Book Brief: The State of Economic and Social Human Rights: A Global Overview
Ed. Lanse Minkler
Cambridge University Press (Jan 2013)
ISBN 9781107609136
408 pages
$36.99
In The State of Economic and Social Human Rights, Minkler draws on the insight of scholars in economics, law, sociology, anthropology, and political science to provide insight on core economic and social human rights. He aims to explore the “obstacles that prevent governments from fulfilling their obligations” by looking at the performance of countries throughout the world.
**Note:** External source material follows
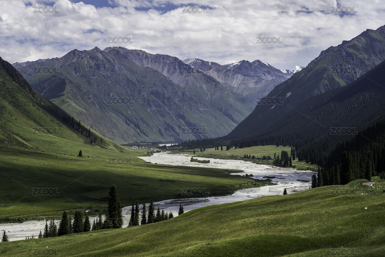 中国新疆伊犁昭苏夏塔草原雪山自然风光

The chapters span a wide range of economic and social rights topics, identifying core rights, nondiscrimination rights issues, and a new category of “meta” rights. The right to health is included as a core right. In this chapter, authors Audrey Chapman and Salil Benegal explain the effects of globalization and subsequent development and realization of the right to health. They point to international documents such as the UDHR and CESCR that enumerate such a right, and analyze the health trends, impact on health systems, and social health determinants that are all impacted by globalization. The book’s conclusion critiques social and economic rights and their possible conflicts, but also explains how such criticism can be resisted.
The neoliberal structure of globalization and reform has contributed to a very different landscape for understanding economic and social rights. The book’s authors emphasize the importance of considering the growing number of actors and agents. While there may also be an inevitable conflict among human rights, such disputes are resolvable. Minkler concludes that human rights should not be considered different from “other fundamental moral and political values,” and that international human rights law and the international community must work to realize these rights.